In einer Polonaise werden die Gäste in die verdunkelte Gaststube geleitet. Foto: Promo

Im Januar gastiert das Dunkelrestaurant im Waldhotel in Degerloch. Die Gäste bekommen an den drei Abenden Einblick in eine bis dato unbekannte Welt. Es gibt noch Karten für die Veranstaltungen auf der Waldau.

Degerloch - Die papierene Version der Ankündigung hat Hubbel. Sie ist in Braille, der Blindenschrift, ins Papier gestanzt. Wer diese versteht, kann ertasten, dass das Waldhotel Degerloch im Januar zu einer besonderen Veranstaltung lädt: zum Abendessen im Stockfinsteren. Alle, die Braille nicht entziffern können, finden die Informationen natürlich trotzdem. Der Verein Aus:sicht hat sie für Sehende zusätzlich in Normalbuchstaben aufgedruckt.

Seit einem Jahrzehnt gibt es die Dinner im Dunkeln

Aus:sicht richtet seit mittlerweile zehn Jahren Dinner im Dunkeln aus. Wenn die Gäste nach knapp vier Stunden satt sind, sind sie bestimmt auch um eine Erfahrung reicher: Sehende dürften dann ein Gefühl dafür bekommen haben, wie es wäre, blind zu sein. Sie haben sich beispielsweise notgedrungen Tricks angeeignet, wie sie ihr Weinglas füllen, ohne dass die Hälfte danebengeht, und sie haben Lauch vielleicht nicht als Lauch erkannt. Weil sie ihn nur geschmeckt, aber nicht gesehen haben.

In der Regel gibt es die Abendessen im Finstern im Restaurant Rosenau im Stuttgarter Westen sowie im Ristorante Reichsstadt in Esslingen. Das sind die festen Kooperationspartner von Aus:sicht. Ab und zu sucht sich der Verein auch eine andere Lokalität, der Abwechslung zuliebe. Wie nun für Januar das Waldhotel in Degerloch. Vergangenes Jahr hat die Belegschaft des Gästehauses am Guts-Muths-Weg ihre Weihnachtsfeier im Dunkelrestaurant verbracht. So kam die Zusammenarbeit zustande. Drei Termine für ein Drei-Gang-Menü sind zunächst auf der Waldau geplant, ob es mehr werden, kann weder das Waldhotel noch Barbara Antonin zu sagen.
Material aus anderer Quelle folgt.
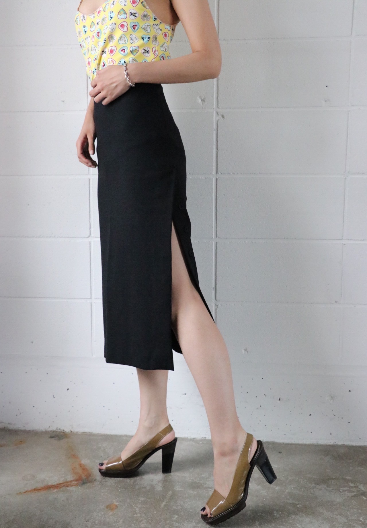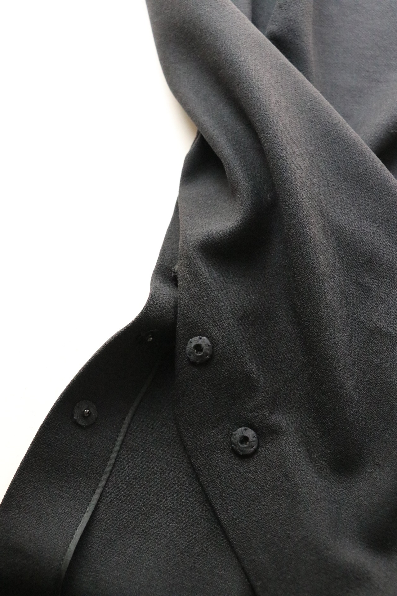 スリットはボタンが6個施され浅くも深くも

Jobs für Blinde und Sehbehinderte

Antonin ist im Vorstand von Aus:sicht. Der Verein will nicht nur Sehenden einen Abend lang Einblick in eine bis dato wohl unbekannte Welt gewähren. Das Dunkelrestaurant bietet Blinden und Sehbehinderten zudem einen Job. „Das sind Leute, die es schwer haben auf dem normalen Arbeitsmarkt“, sagt Antonin. Während die Köche der jeweiligen Lokalität sehen, sind die Bedienungen blind. Das sei ein wichtiger Teil des Konzepts.

Die Konkurrenz handhabe das oft anders, sagt Antonin. Weil die Nachfrage nach zappendusteren Esserlebnissen wächst, sprießen auch Anbieter aus dem Boden, die einem ein Dinner im Dunkeln anbieten, die aber weder blind seien noch damit Blinde unterstützen würden, wie sie berichtet. Das Servicepersonal wäre dann mit Nachtsichtgeräten ausgestattet, um das bestellte Bier nicht am falschen Tisch abzustellen. „Das ist reiner Kommerz“, sagt Antonin.

Kein helles Fleckchen ist mehr zu erspähen

Die drei Termine im Waldhotel Degerloch bereitet das Team um Barbara Antonin bereits am Vorabend des 15. Januars vor. „Der größte Aufwand ist, es wirklich so dunkel zu kriegen“, sagt die Vereinsvorsitzende. Auch mit größter Mühe wird es keinem der Gäste gelingen, auch nur ein helles Fleckchen zu erspähen. Wie das funktioniert, bleibt ein Geheimnis. Ebenso die Zahl der Mitspeisenden und die Größe des Raums. Das soll jeder selbst abschätzen.

Am 15., 16. und 17. Januar verwandelt sich ein Raum im Waldhotel, Guts-Muths-Weg 18, in ein Dunkelrestaurant. Noch sind Karten zu haben. Sie kosten 69 Euro pro Person und sind unter www.aus-sicht.de buchbar.